Nasrallah said in 2021 that Hezbollah has 100,000 fighters but now he claimed the number is much higher, without elaborating. He also said he has rejected offers from allied countries and militias in the region that could add tens of thousands to his ranks.

A nearly 10-minute-long video allegedly filmed by a Hezbollah surveillance drone and released Tuesday shows parts of Haifa — a city far from the Israel-Lebanon border. In his speech Wednesday, Nasrallah said Hezbollah has much more footage — an apparent threat it could reach sites deep in Israel.

Israel’s military chief, Lt. Gen. Herzi Halevi, visited Israeli air-defense soldiers near the border with Lebanon on Wednesday, saying Israel was aware of Hezbollah's capabilities demonstrated in the video and has solutions for these threats.

“We of course have infinitely greater capabilities," he said. "I think the enemy is only familiar with a few of them and (we) will confront them at the right time.”

Hezbollah, an ally of the Palestinian militant group Hamas, has been exchanging strikes with Israel almost daily since the war in Gaza erupted on Oct. 7, with the aim to pull Israeli forces away from the embattled Gaza Strip.

Hezbollah's attacks escalated after Israel expanded its offensive into the southern Gaza city of Rafah in May, and spiked further in June after an Israeli strike killed high-ranking Hezbollah commander Taleb Sami Abdullah, the most senior militant killed so far during the Israel-Hamas war.

Also Tuesday, the Israeli army said it has “approved and validated” plans for an offensive in Lebanon, although the decision to actually launch such an operation would have to come from the country's political leadership.

The warnings by both sides followed a visit by U.S. President Joe Biden's senior adviser Amos Hochstein, who met with officials in Lebanon and Israel in his latest attempt to deescalate tensions.

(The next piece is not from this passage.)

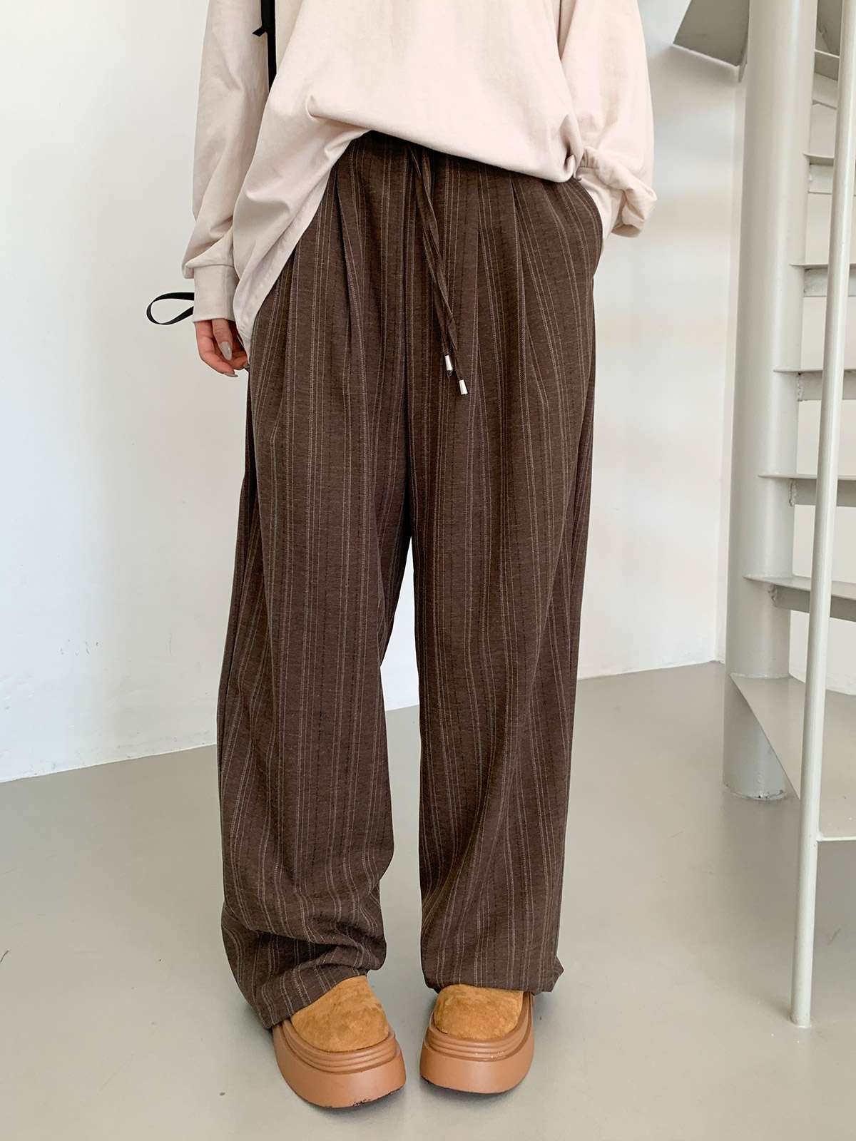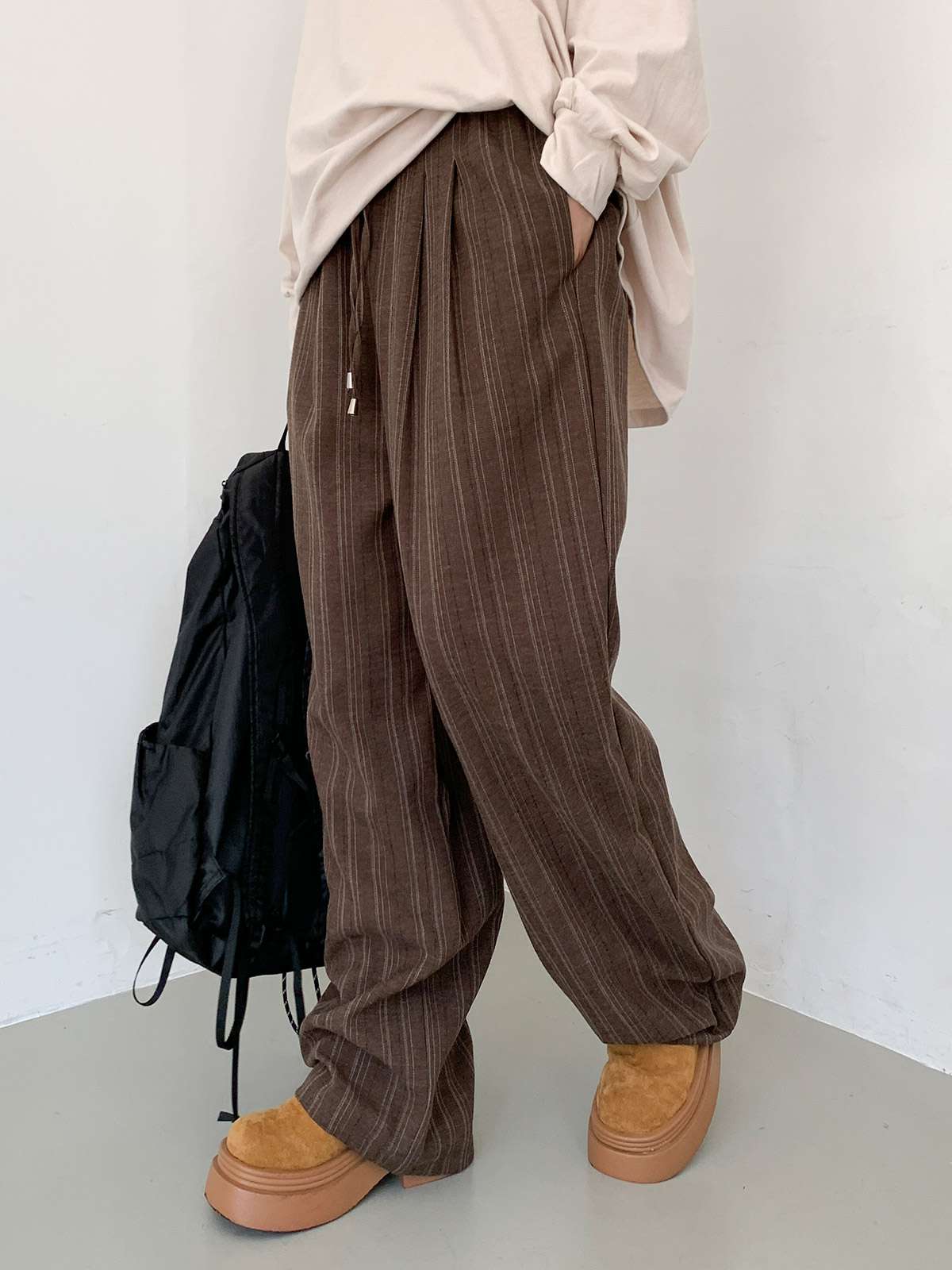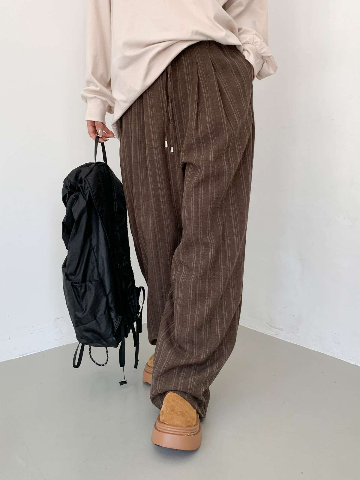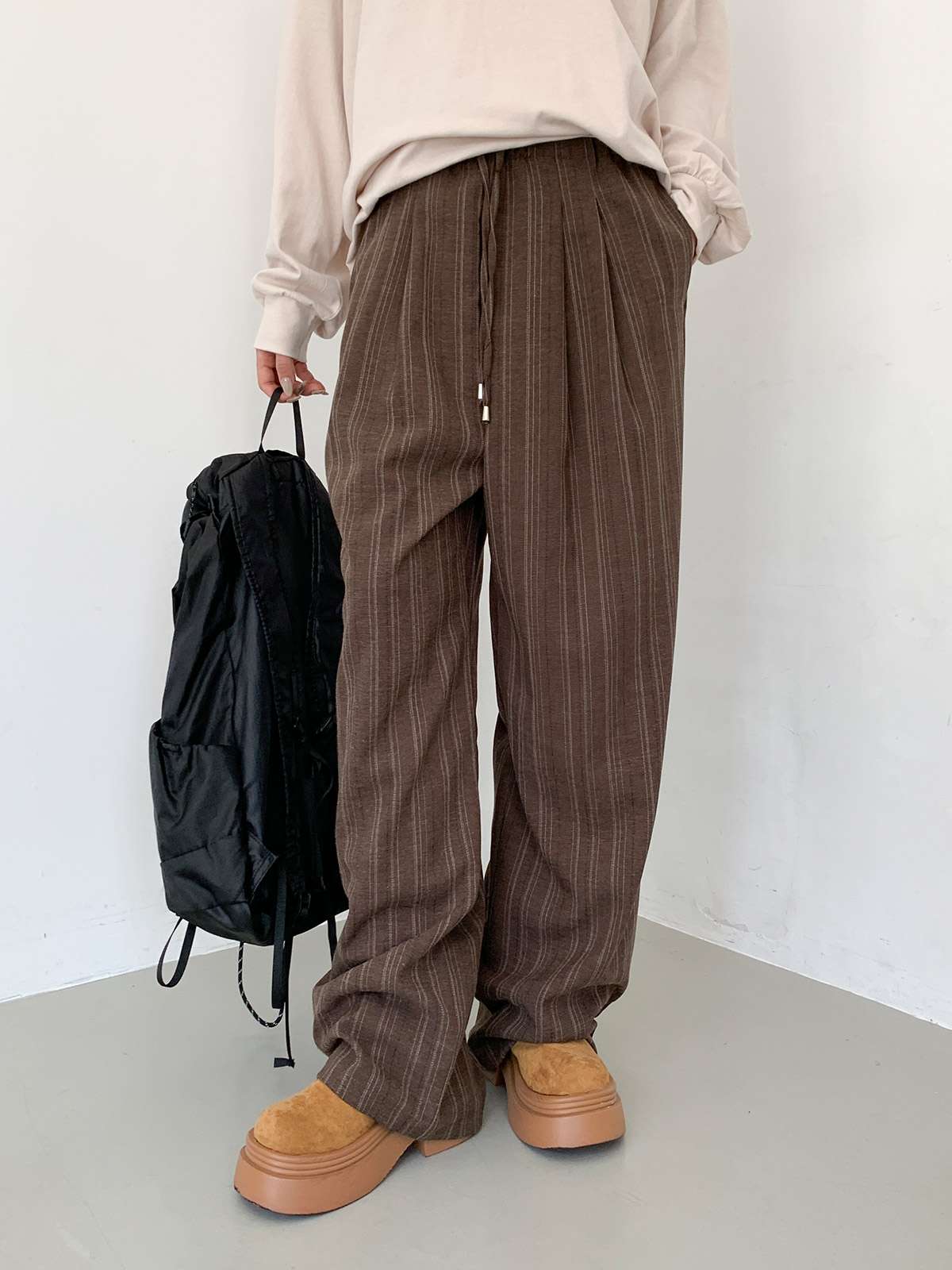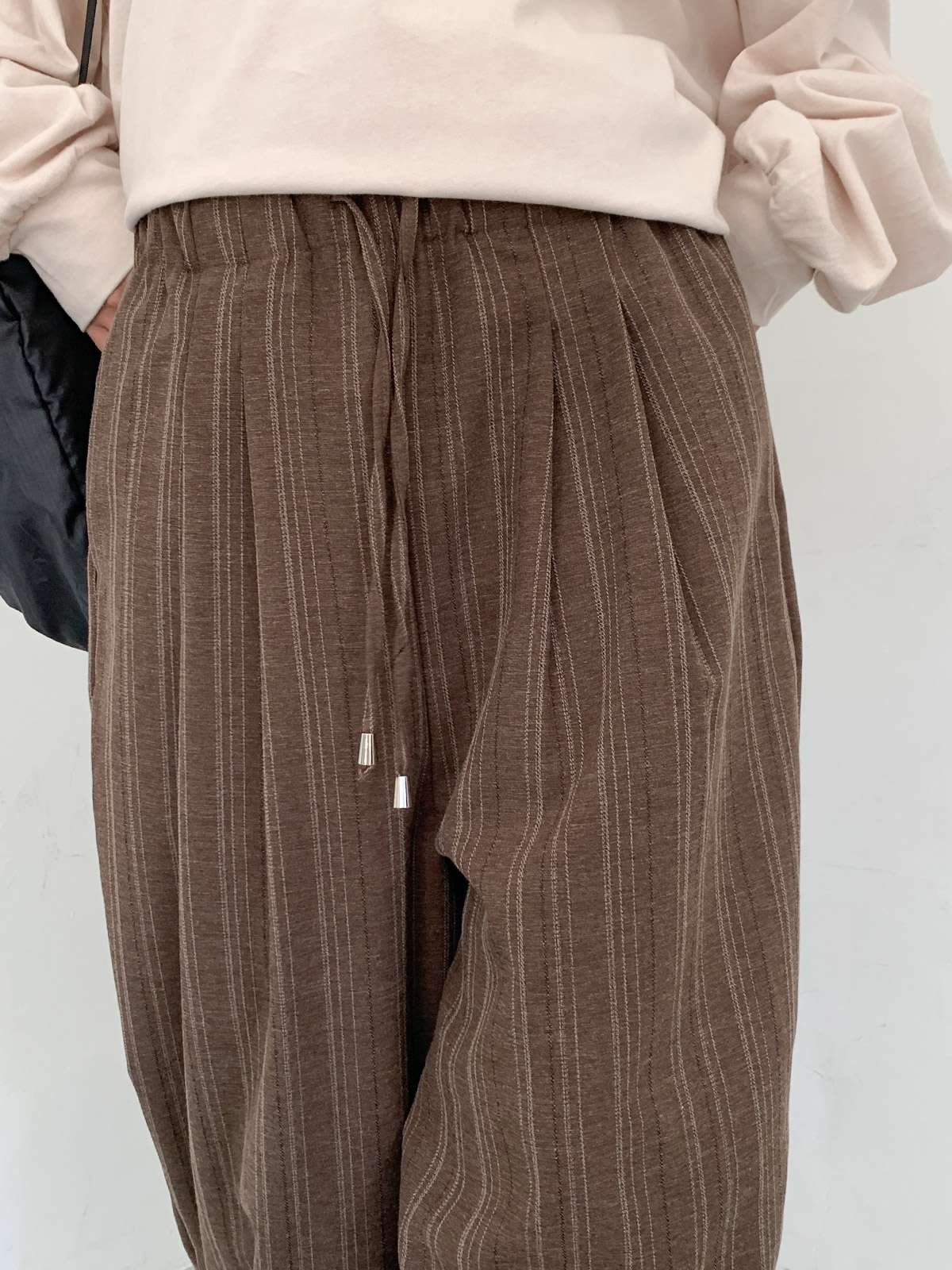 와이드한 핏의 스트라이프 패턴이 포인트인 밴딩 팬츠

Hochstein told reporters in Beirut on Tuesday that it was a “very serious situation” and that a diplomatic solution to prevent a larger war was urgent.

Nasrallah said a wider war with Lebanon would have regional implications and that Hezbollah would attack any other country in the region that assisted Israel in the war effort, citing Cyprus, which has hosted Israeli forces for training exercises. He suggested Cyprus might allow Israel to use its bases in event of a wider war.

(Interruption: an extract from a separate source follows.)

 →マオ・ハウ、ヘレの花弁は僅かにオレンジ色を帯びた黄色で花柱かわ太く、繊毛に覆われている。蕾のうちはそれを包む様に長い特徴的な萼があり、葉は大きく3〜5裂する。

In response, Cypriot President Nikos Christodoulides said his island nation “is in no way involved” in any military operations in the region. Cyprus is “part of the solution, not part of the problem” he said, pointing out the Cyprus-Gaza maritime corridor used to deliver aid to the Palestinian territory.

Only a cease-fire in Gaza would halt the Lebanon-Israel border fighting or the attacks on Western and Israel-linked targets from Yemen's Houthi rebels and Iraqi militias allied with Hezbollah.

Israel views Hezbollah as its most direct threat, and the two fought a 34-day war in 2006 that ended in a stalemate. Hezbollah's military capabilities have grown significantly since then, and the United States and Israel estimate the group, along with other Lebanese militant factions, has about 150,000 missiles and rockets. Hezbollah also has been working on precision-guided missiles.

Hezbollah said at least four of its fighters were killed Wednesday in Israeli strikes as Hochstein returned to Israel for a new round of meetings there.

Lebanese state media reported the strikes along the border and near the coastal city of Tyre, about 30 kilometers (20 miles) away. The Israeli military said two Hezbollah launches damaged several vehicles in northern Israel.

Kamel Mohanna, the head of the Amel Association, a nongovernmental organization providing health services in different areas of Lebanon, said the association health center in the town of Khiam was hit and damaged by the Israeli shelling.

Israeli strikes have killed more than 400 people in Lebanon, most of them Hezbollah and other militants, but also over 80 civilians and non-combatants. In northern Israel, 16 soldiers and 11 civilians have been killed by strikes launched from Lebanon.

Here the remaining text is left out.